“Readers familiar with Polanyi will be surprised to find many of his signal ideas in the work of Peter Drucker. Consider the following passage, from Drucker’s The Future of Industrial Man, published two years before The Great Transformation:
“”Locke’s statement in the closing years of the seventeenth century that a thing becomes a man’s property because he has commingled his labor with it, represented a radically new and revolutionary concept of property as basis of society and as justification of social power. . . .”
“This new concept of property meant that the entire economic sphere had to be subject to the market. Everything had to be capable of becoming property. Hence the insistence of the market system that the basic factors of economic life be regarded and treated as commodities: land, labor, money. The claim that there is a difference in kind between land and other property, or between labor and other property, could not be allowed. It would have caused a need for social integration outside of the market; and such a claim would have been a denial of Economic Man.

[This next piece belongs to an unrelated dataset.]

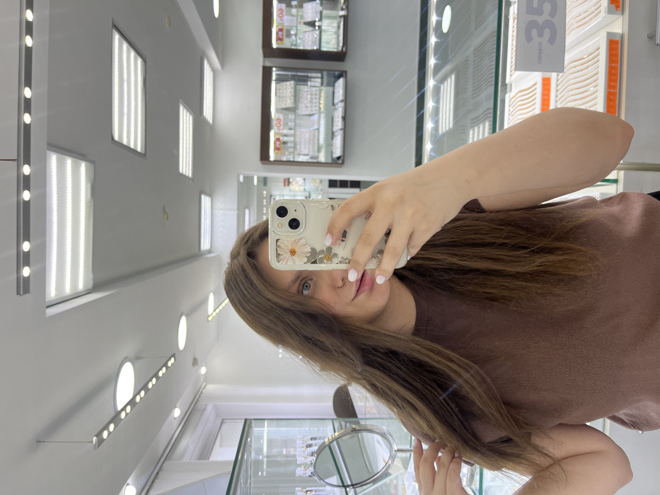 An indoor mirror selfie captures a woman in a retail establishment in Chaikovsky, Russia, identified as a jewelry store. The woman, with long brown hair, visible right eye, and light-colored lips, wears a brown short-sleeved top. She holds a white smartphone with a clear floral-patterned case in her right hand, obscuring the lower left portion of her face. Her left hand is raised, fingers lightly touching her hair on the left side. Both hands feature white manicured nails. The background, reflected in the mirror, shows a brightly lit store interior with a white ceiling featuring multiple linear track lights and large rectangular recessed fluorescent panels. Various glass display cases are visible; one on the left contains small items and a circular vanity mirror, while several on the right, with dark frames, display numerous jewelry pieces (rings, necklaces) on white and dark stands. A price tag with "35" and Cyrillic text is visible in one display case. The floor is reflective, showing light reflections.

“In that remarkable short passage, Drucker introduces the theory of the three fictitious commodities in much the same terms that it later appears in Polanyi’s work. He identifies the commodification of land, labor, and money as a novel fiction that paved the way for the modern market economy. Moreover, he associates it with a particular ideology, one that sees economic motives as fundamental to, and even constitutive of, human behavior. And yet, as Drucker explains later in the book, the idea of an automatic market mechanism based on pure self-interests could never be more than a ‘‘myth.’’5 Recent crises in Western civilization had shown the bankruptcy of ‘‘the belief that man is fundamentally Economic Man, that his basic motives are economic motives, and that his fulfillment lies in economic success and economic rewards.’’6 The passing of market society was in fact Drucker’s great theme in the late 1930s and 1940s, as can be seen from the title of his 1939 book: The End of Economic Man.
“The commonalities between Drucker and Polanyi, although they have yet to be acknowledged in the Polanyi literature, are hardly shocking. After all, the two men knew each other in Vienna, lived together briefly in Ver- mont, were colleagues at Bennington College, acknowledged each other in their major wartime works, and continued to exchange letters until Polanyi’s death in 1964. Drucker even had a hand in preparing The Great Transformation for publication after Polanyi returned to England, leaving behind an unfinished manuscript. In spite of their many connections, though, their legacies have pointed in opposite directions. Polanyi, as de- scribed above, has been most relevant to social scientists and has been politically identified with those seeking to develop non-Marxian responses to neoliberal globalization. Drucker, by contrast, effectively exiled himself from the social sciences when he accepted an invitation from General Motors to carry out a study of that company in 1943.7 He earned his reputation as a founder of management theory, making his living consulting for large corporations and writing books with titles like Managing for Results (1964). The reception of his ideas in the business world has been over-whelming, and it is not an understatement to say that the management practices of most major corporations today can be traced to Drucker’s theories. Politically, Drucker is most often celebrated as the voice of corporate leaders and of the pro-business right. Jack Welch and Bill Gates have cited him as a major influence, Newt Gingrich regards him as one of the most important thinkers of the twentieth century, and before his death Drucker received a Presidential Medal of Freedom from George W. Bush.8 It is only recently that academics have begun to take Drucker seriously as a social theorist, though, and it is telling that the two scholars to have done so— Nils Gilman and Karen Linkletter—are both unusual in having experience in the business world as well as doctoral degrees in history. Fittingly, Link- letter was the first to notice similarities between Drucker and Polanyi (she remarks in passing that the conclusion of The Great Transformation is cast in ‘‘language . . . surprisingly similar to Drucker’s’’ but says no more on the subject).”